Надо сказать, что по первоначалу Унковский и Лихачев были, несмотря на разность характеров, большими друзьями и с удовольствием встречались у моего отца, который их одинаково любил и с которыми (в то время, конечно, когда болезнь еще не сделала его совершенно нелюдимым) ему всегда было приятно проводить время в дружеской беседе, узнавая от А. М. судейские новости, а от В. И. вообще столичные новости. Но в один непрекрасный день между А. М. и В. И. пробежала черная кошка. О причинах разлада тут упоминать не буду, но должен констатировать тот факт, что разлад этот был нешуточный. Из друзей оба названных лица вдруг превратились во врагов. Унковский ничего не желал слушать о Лихачеве, а Лихачев открещивался от Унковского. Те дружеские беседы, о которых я упоминал выше, прекратились сами собой к великому огорчению моих отца и матери, которая тоже очень любила видеть около себя супруг поссорившихся прежних друзей, также принявших сторону своих мужей и, как говорится, раззнакомившихся. Оба поссорившиеся стали бывать у нас в одиночку, жаловаться отцу друг на друга, чем ему больше докучали, чем доставляли удовольствия своими визитами. Подобное положение вещей продолжалось довольно продолжительное время, года, насколько помню, с два[148]. Мой отец поставил себе целью их примирить, для чего, воспользовавшись их пребыванием за границей, выписал их к себе в Кларан (Clarens) в Швейцарии, где временно проживал в гостинице Roy. Унковский и Лихачев приехали туда, не предполагая встретиться, были неприятно поражены подготовленным им сюрпризом, но, чтобы не доставить огорчения отцу, изъявили желание помириться. Из этого получился, однако, один лишь худой мир[149]. Помирились же они окончательно несколько лет спустя – у одра смерти папы, где они неизбежно должны были столкнуться.

Сергей Петрович Боткин

О С. П. Боткине скажу, что этот знаменитый врач своими непрестанными заботами много содействовал продлению жизни моего отца и, таким образом, способствовал тому, что российская литературная сокровищница обогатилась таким прекрасным чисто беллетристическим произведением, каким является «Пошехонская старина», автобиография моего отца[150], произведением, в котором, как в зеркале, отражается жизнь прошлого, отжившего века, бесправия народных масс.
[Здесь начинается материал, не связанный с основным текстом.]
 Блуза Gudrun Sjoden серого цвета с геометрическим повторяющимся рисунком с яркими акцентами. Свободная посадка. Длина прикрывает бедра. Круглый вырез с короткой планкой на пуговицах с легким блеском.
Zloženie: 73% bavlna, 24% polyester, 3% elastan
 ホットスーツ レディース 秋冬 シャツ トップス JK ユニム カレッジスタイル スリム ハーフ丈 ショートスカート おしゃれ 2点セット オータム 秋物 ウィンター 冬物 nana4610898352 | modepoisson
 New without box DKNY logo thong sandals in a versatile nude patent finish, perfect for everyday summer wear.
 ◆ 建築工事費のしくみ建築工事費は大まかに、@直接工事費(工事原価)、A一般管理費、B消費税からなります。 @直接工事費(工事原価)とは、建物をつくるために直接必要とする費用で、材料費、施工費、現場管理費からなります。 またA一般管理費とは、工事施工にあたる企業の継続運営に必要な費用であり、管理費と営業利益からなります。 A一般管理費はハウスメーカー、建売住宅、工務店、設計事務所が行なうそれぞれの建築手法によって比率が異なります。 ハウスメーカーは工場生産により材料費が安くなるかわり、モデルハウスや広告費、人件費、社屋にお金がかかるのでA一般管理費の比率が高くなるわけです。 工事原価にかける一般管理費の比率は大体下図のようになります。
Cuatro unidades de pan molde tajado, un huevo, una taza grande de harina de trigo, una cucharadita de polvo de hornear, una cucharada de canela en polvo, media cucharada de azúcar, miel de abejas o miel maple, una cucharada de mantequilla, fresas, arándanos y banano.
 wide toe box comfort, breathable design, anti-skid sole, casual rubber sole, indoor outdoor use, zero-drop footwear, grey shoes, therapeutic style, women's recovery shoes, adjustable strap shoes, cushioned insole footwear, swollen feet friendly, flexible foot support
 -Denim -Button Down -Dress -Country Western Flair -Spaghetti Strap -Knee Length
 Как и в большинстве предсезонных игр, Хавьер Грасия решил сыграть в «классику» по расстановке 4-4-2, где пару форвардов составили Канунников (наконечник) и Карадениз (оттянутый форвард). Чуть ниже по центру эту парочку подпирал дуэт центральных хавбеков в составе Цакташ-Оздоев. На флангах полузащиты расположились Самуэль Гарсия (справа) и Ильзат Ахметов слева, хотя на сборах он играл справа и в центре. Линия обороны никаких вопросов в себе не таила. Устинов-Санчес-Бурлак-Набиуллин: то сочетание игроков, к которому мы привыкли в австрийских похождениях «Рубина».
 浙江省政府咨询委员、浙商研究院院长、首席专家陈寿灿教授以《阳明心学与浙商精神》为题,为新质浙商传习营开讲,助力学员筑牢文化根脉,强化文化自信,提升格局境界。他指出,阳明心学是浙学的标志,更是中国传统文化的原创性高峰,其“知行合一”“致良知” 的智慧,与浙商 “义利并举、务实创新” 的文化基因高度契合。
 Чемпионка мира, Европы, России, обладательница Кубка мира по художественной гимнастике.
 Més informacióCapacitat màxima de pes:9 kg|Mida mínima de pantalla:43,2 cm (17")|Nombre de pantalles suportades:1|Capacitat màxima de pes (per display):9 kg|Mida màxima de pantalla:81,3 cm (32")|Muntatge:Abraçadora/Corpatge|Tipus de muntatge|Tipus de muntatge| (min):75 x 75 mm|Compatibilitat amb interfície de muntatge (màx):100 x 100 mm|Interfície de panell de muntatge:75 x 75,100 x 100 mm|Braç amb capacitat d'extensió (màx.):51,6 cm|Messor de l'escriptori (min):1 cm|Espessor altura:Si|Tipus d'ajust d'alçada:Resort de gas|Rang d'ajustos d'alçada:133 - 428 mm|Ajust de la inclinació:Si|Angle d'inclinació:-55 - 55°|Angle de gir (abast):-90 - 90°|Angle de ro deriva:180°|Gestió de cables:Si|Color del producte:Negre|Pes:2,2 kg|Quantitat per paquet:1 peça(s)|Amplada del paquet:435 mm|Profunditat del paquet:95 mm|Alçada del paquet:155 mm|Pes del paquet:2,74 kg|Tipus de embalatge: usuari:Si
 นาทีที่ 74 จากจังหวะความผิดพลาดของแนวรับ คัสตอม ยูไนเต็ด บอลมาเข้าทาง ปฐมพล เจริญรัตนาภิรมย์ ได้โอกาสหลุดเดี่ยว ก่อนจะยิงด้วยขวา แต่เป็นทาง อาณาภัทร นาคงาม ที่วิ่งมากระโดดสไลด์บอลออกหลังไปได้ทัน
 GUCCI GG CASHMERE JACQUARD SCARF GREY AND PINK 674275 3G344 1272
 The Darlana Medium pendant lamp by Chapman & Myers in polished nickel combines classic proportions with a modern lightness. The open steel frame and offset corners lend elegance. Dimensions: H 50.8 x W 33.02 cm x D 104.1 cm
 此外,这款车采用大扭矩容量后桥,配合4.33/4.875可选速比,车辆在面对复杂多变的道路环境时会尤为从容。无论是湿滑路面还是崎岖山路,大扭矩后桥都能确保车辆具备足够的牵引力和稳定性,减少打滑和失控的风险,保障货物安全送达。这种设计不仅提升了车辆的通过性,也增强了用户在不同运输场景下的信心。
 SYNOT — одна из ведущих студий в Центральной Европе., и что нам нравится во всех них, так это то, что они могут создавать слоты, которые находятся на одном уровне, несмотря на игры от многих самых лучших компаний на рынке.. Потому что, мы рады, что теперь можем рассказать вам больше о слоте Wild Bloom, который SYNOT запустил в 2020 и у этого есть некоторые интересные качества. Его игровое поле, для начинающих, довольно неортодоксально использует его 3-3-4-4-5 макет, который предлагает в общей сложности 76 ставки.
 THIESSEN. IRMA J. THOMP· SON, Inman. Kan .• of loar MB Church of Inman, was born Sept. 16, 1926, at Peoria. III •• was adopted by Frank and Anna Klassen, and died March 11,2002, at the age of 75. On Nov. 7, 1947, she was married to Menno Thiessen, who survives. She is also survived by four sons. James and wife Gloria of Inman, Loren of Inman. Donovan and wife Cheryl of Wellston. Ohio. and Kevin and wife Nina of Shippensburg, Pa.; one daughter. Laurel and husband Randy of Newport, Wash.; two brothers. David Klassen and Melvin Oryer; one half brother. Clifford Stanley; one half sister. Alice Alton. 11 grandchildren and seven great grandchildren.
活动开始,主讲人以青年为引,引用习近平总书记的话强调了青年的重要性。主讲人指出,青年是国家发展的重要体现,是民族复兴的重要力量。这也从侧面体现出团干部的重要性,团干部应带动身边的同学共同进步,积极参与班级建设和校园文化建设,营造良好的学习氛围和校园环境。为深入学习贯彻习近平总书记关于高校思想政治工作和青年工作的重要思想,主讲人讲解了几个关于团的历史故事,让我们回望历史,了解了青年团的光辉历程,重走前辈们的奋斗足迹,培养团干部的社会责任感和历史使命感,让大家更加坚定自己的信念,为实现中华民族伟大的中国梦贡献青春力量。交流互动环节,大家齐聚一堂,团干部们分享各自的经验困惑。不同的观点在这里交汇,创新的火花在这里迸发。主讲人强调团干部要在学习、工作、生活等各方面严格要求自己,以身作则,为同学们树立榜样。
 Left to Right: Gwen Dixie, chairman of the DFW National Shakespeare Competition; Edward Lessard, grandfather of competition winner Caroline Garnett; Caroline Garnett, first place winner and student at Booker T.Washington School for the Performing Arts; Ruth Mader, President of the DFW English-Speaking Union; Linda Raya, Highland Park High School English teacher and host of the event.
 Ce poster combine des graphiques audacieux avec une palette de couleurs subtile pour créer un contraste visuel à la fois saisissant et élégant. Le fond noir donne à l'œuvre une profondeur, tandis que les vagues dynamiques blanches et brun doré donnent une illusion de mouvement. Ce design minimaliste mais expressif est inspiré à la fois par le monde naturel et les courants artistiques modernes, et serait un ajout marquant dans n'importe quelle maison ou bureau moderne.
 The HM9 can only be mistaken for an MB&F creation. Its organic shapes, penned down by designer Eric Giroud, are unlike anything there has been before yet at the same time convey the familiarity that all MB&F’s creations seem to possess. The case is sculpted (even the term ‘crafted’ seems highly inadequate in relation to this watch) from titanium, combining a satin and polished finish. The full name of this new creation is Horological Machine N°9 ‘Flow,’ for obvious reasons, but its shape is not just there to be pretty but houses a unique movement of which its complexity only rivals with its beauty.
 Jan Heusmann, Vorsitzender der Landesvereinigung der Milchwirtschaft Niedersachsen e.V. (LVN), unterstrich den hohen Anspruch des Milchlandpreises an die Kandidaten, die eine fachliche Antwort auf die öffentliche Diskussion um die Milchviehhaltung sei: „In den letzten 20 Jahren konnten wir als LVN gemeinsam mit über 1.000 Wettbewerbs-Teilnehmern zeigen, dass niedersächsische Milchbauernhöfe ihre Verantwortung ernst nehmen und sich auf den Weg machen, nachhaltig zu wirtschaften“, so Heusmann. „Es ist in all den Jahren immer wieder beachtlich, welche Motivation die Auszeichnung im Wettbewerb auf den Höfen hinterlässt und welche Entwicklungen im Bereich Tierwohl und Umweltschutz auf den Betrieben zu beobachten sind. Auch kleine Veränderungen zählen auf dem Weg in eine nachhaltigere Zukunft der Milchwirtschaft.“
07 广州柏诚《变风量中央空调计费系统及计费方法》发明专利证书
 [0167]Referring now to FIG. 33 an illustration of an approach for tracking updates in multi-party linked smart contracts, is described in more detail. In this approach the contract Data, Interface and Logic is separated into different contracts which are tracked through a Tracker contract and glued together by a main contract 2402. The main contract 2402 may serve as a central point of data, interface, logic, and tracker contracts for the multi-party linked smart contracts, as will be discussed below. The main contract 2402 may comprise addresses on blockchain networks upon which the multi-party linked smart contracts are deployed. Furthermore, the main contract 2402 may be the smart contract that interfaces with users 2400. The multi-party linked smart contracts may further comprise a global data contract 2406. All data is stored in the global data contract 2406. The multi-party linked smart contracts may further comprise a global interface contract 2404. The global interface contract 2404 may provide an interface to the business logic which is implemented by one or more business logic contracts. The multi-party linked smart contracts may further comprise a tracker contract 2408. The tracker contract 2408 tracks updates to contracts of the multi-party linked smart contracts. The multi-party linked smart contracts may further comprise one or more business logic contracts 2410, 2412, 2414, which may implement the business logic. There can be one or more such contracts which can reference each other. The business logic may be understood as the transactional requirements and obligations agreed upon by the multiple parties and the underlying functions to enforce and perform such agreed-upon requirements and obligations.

В этом Боткину много способствовали его талантливые ассистенты, доктора Н. И. Соколов[151] и Васильев, имя и отчество которого я, к сожалению, забыл[152]. Этот Васильев, между прочим, был у нас на квартире в то время, когда моего отца хватил удар, роковой для его жизни. Васильев застал отца по обыкновению в его кабинете, откуда он за последнее время никуда не выходил, за письменной работой – началом задуманного, несмотря на невыносимые физические страдания, труда «Забытые слова». Осмотрев больного, врач, распростившись с ним, вышел из кабинета, но едва прошел он часть небольшой гостиной по направлению к передней, как из кабинета раздался зов: «Доктор… доктор…» Васильев вернулся в только что им покинутую комнату и уже застал моего отца в беспомощном состоянии: у него отнялась вся правая часть тела и онемел язык. Смерть последовала через 24 часа[153]. Но о ней я расскажу ниже.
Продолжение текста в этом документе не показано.